The two killer use cases for BRIN are append-only event logs (clickstream, audit logs, metrics) and time-series tables (IoT readings, financial ticks). On those workloads BRIN gives you 95% of the query speedup of a B-tree at less than 1% of the disk cost.

MySQL Differences

MySQL's index landscape is much narrower than PostgreSQL's:

B-tree is the default and only general-purpose index in InnoDB. Every secondary index is a B-tree.
HASH indexes exist only in the in-memory MEMORY engine (rare in production) and the InnoDB adaptive hash index, which is automatic and not user-controlled.
FULLTEXT indexes provide full-text search on CHAR, VARCHAR, and TEXT columns, used with MATCH ... AGAINST. Conceptually similar to GIN over tsvector but with a separate query syntax.
SPATIAL (R-tree) indexes support geometric data via POINT, POLYGON, etc. Conceptually similar to PostgreSQL's GiST for spatial queries, but limited to spatial types only.

There is no MySQL equivalent to BRIN, no GIN-style inverted index for arbitrary JSON containment, and no GiST-style exclusion constraints. If your workload depends on those features, PostgreSQL is the natural choice.

Putting It Together — Choosing an Index Type

+---------------------------------------------------------------+
|           DECISION FLOW                                        |
+---------------------------------------------------------------+
|                                                                |
|  Is the column JSONB / array / tsvector / trigram?             |
|       YES -> GIN                                               |
|       NO  -> next                                              |
|                                                                |
|  Is the column geometric / range / overlap-checked?            |
|       YES -> GiST  (or SP-GiST for partitioned spaces)         |
|       NO  -> next                                              |
|                                                                |
|  Is the table huge AND naturally sorted on this column?        |
|       YES -> BRIN                                              |
|       NO  -> next                                              |
|                                                                |
|  Are queries strictly "= ?" with no ranges / sorts / LIKE?     |
|       YES -> Hash  (only if you are SURE)                      |
|       NO  -> B-tree (the default for everything else)          |
|                                                                |
+---------------------------------------------------------------+

The default should always be B-tree. Reach for GIN, GiST, Hash, or BRIN only when the data shape and query shape both call for it. Picking the right index type is one of the highest-leverage tuning decisions you can make in PostgreSQL — and one of the easiest interview signals that a candidate has worked on real production systems.

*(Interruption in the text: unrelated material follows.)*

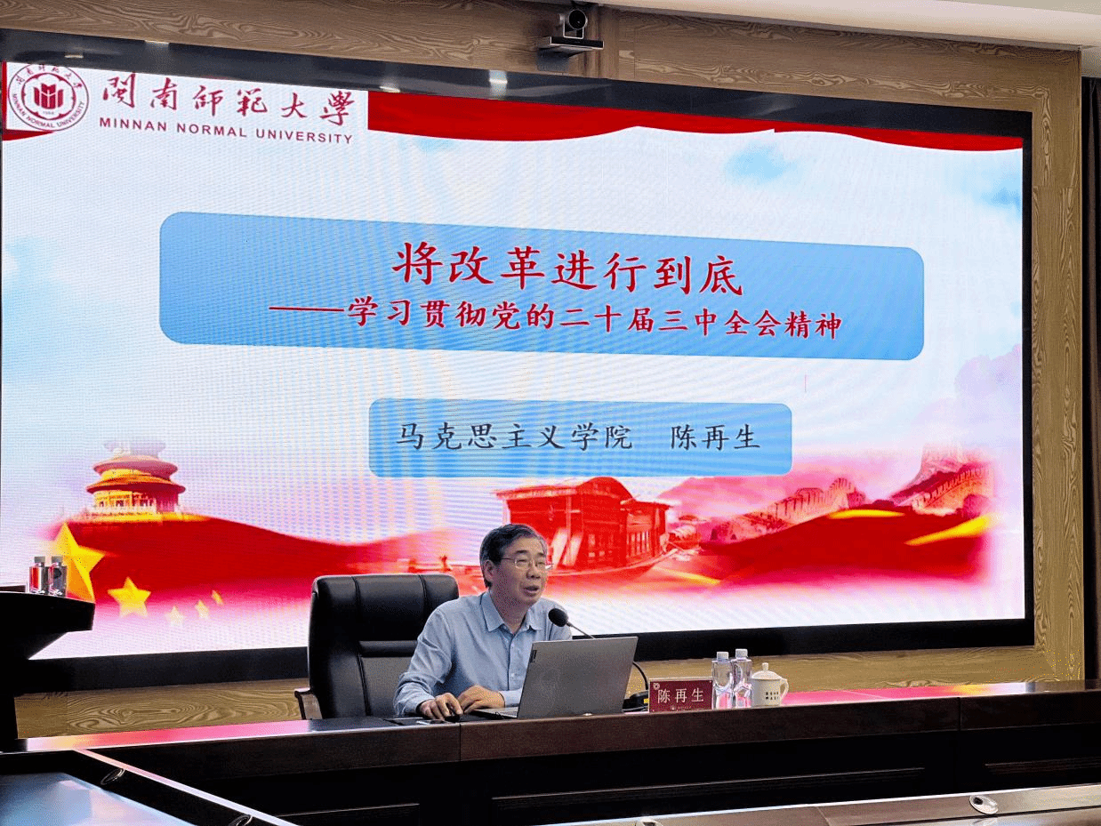 马克思主义学院院长陈再生教授应邀作题为《将改革进行到底——学习贯彻党的二十届三中全会精神》的专题辅导报告。陈再生教授从“改革”的三中全会及其重要地位、“改革”是党的二十届三中全会的红线、以改革状态贯彻落实三中全会精神三个方面深入解读了党的二十届三中全会精神。

Napkin AI Visual Prompt: "Dark navy gradient (#0a0f1f -> #111a2e). Four-quadrant comparison panel in white monospace. Top-left quadrant 'GIN': sky blue (#4fc3f7) inverted-list diagram showing one keyword pointing to many row IDs, captioned 'JSONB / arrays / full-text'. Top-right quadrant 'GiST': overlapping bounding boxes in rose (#ff5c8a) with a search arrow tracing the tree, captioned 'Geometry / ranges / KNN'. Bottom-left quadrant 'HASH': a single sky blue arrow from a key into a bucket, captioned 'Equality only, smaller'. Bottom-right quadrant 'BRIN': a long horizontal bar split into rose-tinted ranges with min/max labels, captioned 'Huge sorted tables, kilobytes'. A central diamond labeled 'Pick by data shape' with arrows to all four. Subtle grid overlay."

Common Mistakes

1. Using B-tree on a JSONB column and wondering why containment is slow. A B-tree on a JSONB column can only answer queries on the whole value: WHERE attributes = '{...}'. It cannot accelerate attributes @> '{"tag":"sale"}' because the right-hand side is a sub-document, not the full value. The fix is CREATE INDEX ... USING GIN (attributes) (or GIN (attributes jsonb_path_ops) for the most compact form). Always check EXPLAIN to verify the planner is using the GIN index — a "Seq Scan" on a containment query is the telltale sign you forgot to switch index types.

2. Putting BRIN on an unordered column. BRIN only works when the physical row order is correlated with the indexed value. If you BRIN-index a user_id column on a table where rows are inserted in random order, every block range will contain the full range of user IDs, so every query will have to scan every block range. BRIN will look like it is doing nothing, because it effectively is. Check the correlation with SELECT correlation FROM pg_stats WHERE tablename = 'events' AND attname = 'occurred_at'; — values close to 1.0 or -1.0 are good candidates, values near 0 are not.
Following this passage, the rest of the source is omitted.